SOURCE DATA –
*** Block opens ***

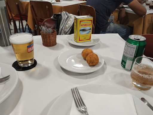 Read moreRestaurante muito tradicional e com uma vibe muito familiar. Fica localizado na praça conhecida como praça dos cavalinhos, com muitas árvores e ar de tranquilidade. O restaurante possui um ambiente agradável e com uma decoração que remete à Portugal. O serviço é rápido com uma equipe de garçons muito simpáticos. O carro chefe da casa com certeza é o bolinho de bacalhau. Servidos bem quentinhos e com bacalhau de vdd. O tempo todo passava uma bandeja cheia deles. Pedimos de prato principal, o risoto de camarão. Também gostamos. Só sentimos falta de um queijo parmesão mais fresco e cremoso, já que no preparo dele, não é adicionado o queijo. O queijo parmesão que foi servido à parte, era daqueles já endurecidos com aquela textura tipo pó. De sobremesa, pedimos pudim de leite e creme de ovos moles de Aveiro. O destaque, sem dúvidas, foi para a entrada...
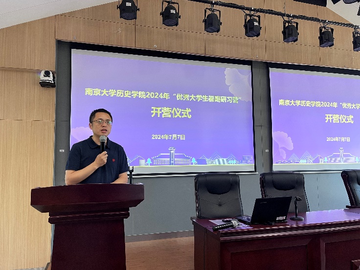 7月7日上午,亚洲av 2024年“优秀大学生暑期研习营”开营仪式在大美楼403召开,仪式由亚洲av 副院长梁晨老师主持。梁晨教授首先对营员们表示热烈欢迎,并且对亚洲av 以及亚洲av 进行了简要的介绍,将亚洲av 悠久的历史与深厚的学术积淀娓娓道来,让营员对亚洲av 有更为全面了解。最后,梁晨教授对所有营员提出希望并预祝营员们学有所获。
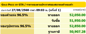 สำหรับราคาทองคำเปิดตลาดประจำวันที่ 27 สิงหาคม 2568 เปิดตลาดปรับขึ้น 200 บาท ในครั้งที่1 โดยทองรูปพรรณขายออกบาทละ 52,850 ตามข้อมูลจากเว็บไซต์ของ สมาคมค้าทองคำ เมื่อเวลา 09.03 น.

*** Block closes ***
*** Block opens ***

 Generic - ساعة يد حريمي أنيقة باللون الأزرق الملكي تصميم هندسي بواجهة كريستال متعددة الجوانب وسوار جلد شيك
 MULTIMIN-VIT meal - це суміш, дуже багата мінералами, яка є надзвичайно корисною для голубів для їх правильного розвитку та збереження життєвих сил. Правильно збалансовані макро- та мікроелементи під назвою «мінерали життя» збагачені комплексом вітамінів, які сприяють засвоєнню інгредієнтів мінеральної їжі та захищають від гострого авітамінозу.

*** Block closes ***

WHAT THE TASK REQUIRES – Within the material above, only the stretch from the line holding "副院长梁晨老师主持。梁晨教授首先对营员们表示热烈欢迎,并且对亚洲av 以及亚洲av 进行了简要的介绍,将亚洲av" through the line holding "สำหรับราคาทองคำเปิดตลาดประจำวันที่ 27 สิงหาคม" is to be restated exactly. Pictures are dropped.

ANSWER BOX –
 7月7日上午,亚洲av 2024年“优秀大学生暑期研习营”开营仪式在大美楼403召开,仪式由亚洲av 副院长梁晨老师主持。梁晨教授首先对营员们表示热烈欢迎,并且对亚洲av 以及亚洲av 进行了简要的介绍,将亚洲av 悠久的历史与深厚的学术积淀娓娓道来,让营员对亚洲av 有更为全面了解。最后,梁晨教授对所有营员提出希望并预祝营员们学有所获。
 สำหรับราคาทองคำเปิดตลาดประจำวันที่ 27 สิงหาคม 2568 เปิดตลาดปรับขึ้น 200 บาท ในครั้งที่1 โดยทองรูปพรรณขายออกบาทละ 52,850 ตามข้อมูลจากเว็บไซต์ของ สมาคมค้าทองคำ เมื่อเวลา 09.03 น.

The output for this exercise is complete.